Saint Vitus fans have been spoiled. Most of the classic Vitus albums have been reissued. The band’s 5th album, V, had long been the exception. Thanks to Hankenstein records, this lost classic is available on vinyl once again. Remastered and limited to 1000 copies, this pressing will soon become a rarity.
Originally released in 1990, V is a pivotal album in the Saint Vitus discography. After nearly a decade with SST Records, the band found themselves signed to a new upstart label. In addition to V, Hell Hound Records decided to release early recordings of Wino’s pre-Vitus band. With his old music alive again, the temptation to revisit a beloved project proved irresistible. Wino quit to focus his talents on a new version of The Obsessed.
It would be a mistake to conclude that these changes had an adverse effect on V. The opposite is true. These songs chronicle a band that has fully settled into their second incarnation. This final album with Weinrich is the proud equal of any classic SST record.
“Living Backwards” opens V with a mid-tempo romp that is classic Vitus. It’s hard not to read Dave Chandler’s lyrics as autobiographical. With the old SST days firmly in the past, hanging out with the Black Flag camp is a fading memory. Albums produced by Spot, Dez screaming backup vocals, and the doomy interpretation of “Thirsty and Miserable” are as distant as the days when Scott Reager fronted the group with his undead/zombie howl.

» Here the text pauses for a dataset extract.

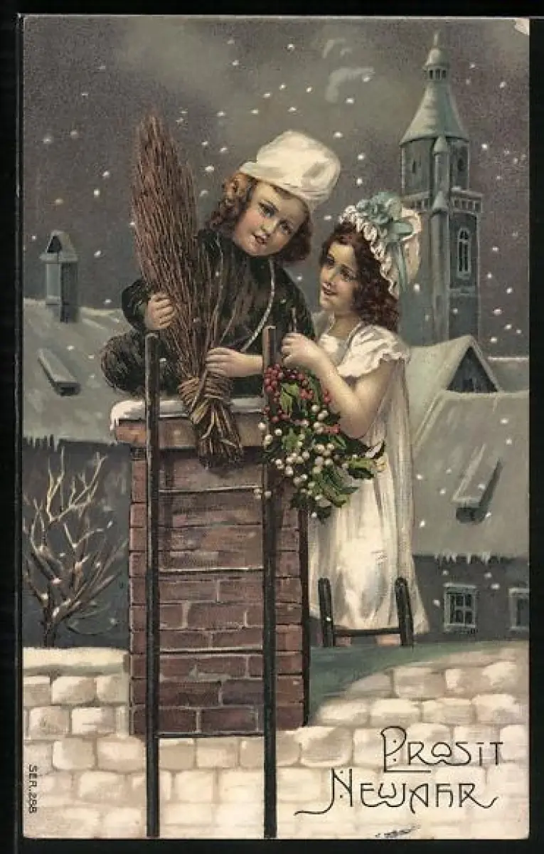 AK Mädchen steigt zu dem Schornsteinfeger aufs Dach, Prosit Neujahr

Concluding with the observation, “So I’m living backwards/The past is all I see,” Chandler hardly seems optimistic for the future. One wonders if the guitarist was aware that he was about to lose his lead singer once again. If Weinrich had already made his intentions to leave known, the lyrics sting on a whole other level. Everything that Chandler devoted his life to is crumbling. No wonder the “The past is all I see” is repeated as a couplet.
The lyrics are depressing but the music is upbeat. The Sabbath influence that molded the Saint Vitus sound is clear as chugging power chords drive the rhythm. Still, Dave Chandler has his own vibe. A piercing note drenched in feedback introduces a guitar solo that is manic and unrestrained. Chandler is clearly enjoying himself as he battles with his squealing overdriven amp. It’s the sound of a man doing what he loves.
When Wino and Chandler write together, the results are impressive. There has never been a finer example of their unique chemistry than “I Bleed Black.” It’s an epic song that has become a Saint Vitus classic in the same vein as “Born Too Late.”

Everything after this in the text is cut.